Schema inference
Since Neo4j is essentially schemaless while Spark DataFrames use a fixed tabular schema, the Spark connector uses a schema inference system to convert graph data into DataFrames.
-
If APOC is installed, the connector uses the
apoc.meta.nodeTypeProperties
and theapoc.meta.relTypeProperties
procedures. You can tune both. -
If APOC is not installed, the connector uses the first n results (defined by the
schema.flatten.limit
option) of an additional Cypher® query to infer the schema by the type of each column. When using thequery
option, the schema is inferred from the result of the query itself.
Both methods use sampling, which is the default value (sample
) of the schema.strategy
option.
The exact APOC procedure or Cypher query depends on the read option.
This strategy works when all instances of a property in Neo4j have the same type. Otherwise, the connector still attempts to infer a schema but it logs a message like the following:
The field "age" has different types: [String, Long]

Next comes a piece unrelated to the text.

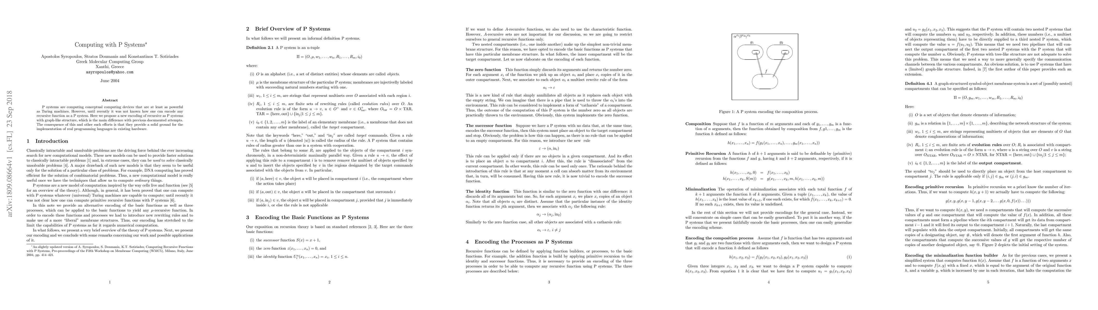 P systems are computing conceptual computing devices that are at least as powerful as Turing machines. However, until recently it was not known how one can encode any recursive function as a P~system. Here we propose a new encoding of recursive as P~systems with graph-like structure, which is the main difference with previous documented attempts. The consequence of this and other such efforts is that they provide a solid ground for the implementation of real programming languages in existing hardware.

Every value will be casted to string.
In this case you should define a schema instead.
labels
option
If APOC is installed, the connector uses the apoc.meta.nodeTypeProperties
procedure.
Otherwise, it executes the following Cypher query:
MATCH (n:<labels>) (1)
RETURN n
ORDER BY rand()
LIMIT <limit> (2)
1 | <labels> is the list of labels provided by the labels option. |
2 | <limit> is the value provided by the schema.flatten.limit option. |
The schema is then inferred from the query result.
relationships
option
If APOC is installed, the connector uses the apoc.meta.relTypeProperties
procedure.
Otherwise, it executes the following Cypher query:
MATCH (source:<source_labels>)-[rel:<relationship>]->(target:<target_labels>) (1) (2) (3)
RETURN rel
ORDER BY rand()
LIMIT <limit> (4)
1 | <source_labels> is the list of labels provided by relationship.source.labels option. |
2 | <target_labels> is the list of labels provided by relationship.target.labels option. |
3 | <relationship> is the list of labels provided by relationship option. |
4 | <limit> is the value provided via schema.flatten.limit . |
The schema is then inferred from the query result.
query
option
With the query
option, the connector uses the first n results (defined by the schema.flatten.limit
option) of the query result to infer the schema.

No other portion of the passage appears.